* [BRIEF] In the records that follow, find the line with "It’s time to"; from there, retype every line exactly through the line with "徐蕾和同事用剪刀抽取長度約5", which also belongs to the answer.

----- TASK DATA -----

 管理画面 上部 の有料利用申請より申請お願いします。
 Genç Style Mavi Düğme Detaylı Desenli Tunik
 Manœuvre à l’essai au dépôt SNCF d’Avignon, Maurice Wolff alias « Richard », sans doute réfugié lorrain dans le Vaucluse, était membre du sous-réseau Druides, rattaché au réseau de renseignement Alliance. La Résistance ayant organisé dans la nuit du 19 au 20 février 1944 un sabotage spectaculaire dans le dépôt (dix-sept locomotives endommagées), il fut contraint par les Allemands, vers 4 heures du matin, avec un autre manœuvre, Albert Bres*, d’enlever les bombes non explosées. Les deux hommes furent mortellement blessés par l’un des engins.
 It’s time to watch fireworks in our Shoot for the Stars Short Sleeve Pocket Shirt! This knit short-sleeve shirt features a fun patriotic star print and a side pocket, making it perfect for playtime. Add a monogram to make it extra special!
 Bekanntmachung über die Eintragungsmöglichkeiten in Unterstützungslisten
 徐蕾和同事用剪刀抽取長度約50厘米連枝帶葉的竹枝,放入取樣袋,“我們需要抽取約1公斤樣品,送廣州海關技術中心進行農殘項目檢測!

-----
----- TASK DATA -----

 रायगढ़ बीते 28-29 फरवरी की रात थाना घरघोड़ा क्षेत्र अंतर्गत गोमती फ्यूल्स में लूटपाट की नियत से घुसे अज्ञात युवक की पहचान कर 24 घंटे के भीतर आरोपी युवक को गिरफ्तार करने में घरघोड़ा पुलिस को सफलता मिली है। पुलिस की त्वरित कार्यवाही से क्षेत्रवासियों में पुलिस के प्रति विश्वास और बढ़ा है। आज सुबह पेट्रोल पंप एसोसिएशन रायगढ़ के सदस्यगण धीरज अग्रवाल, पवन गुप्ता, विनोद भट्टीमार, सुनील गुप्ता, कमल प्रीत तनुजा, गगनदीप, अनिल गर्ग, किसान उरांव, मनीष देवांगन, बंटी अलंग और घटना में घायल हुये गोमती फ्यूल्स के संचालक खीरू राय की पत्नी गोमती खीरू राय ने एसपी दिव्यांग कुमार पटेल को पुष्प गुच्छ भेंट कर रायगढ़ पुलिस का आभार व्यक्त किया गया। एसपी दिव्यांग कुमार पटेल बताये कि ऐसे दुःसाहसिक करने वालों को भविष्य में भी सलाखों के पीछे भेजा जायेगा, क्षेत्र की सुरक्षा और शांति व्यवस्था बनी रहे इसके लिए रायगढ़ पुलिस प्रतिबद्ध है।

-----

* [SOLUTION FOR THIS TASK]
 It’s time to watch fireworks in our Shoot for the Stars Short Sleeve Pocket Shirt! This knit short-sleeve shirt features a fun patriotic star print and a side pocket, making it perfect for playtime. Add a monogram to make it extra special!
 Bekanntmachung über die Eintragungsmöglichkeiten in Unterstützungslisten
 徐蕾和同事用剪刀抽取長度約50厘米連枝帶葉的竹枝,放入取樣袋,“我們需要抽取約1公斤樣品,送廣州海關技術中心進行農殘項目檢測!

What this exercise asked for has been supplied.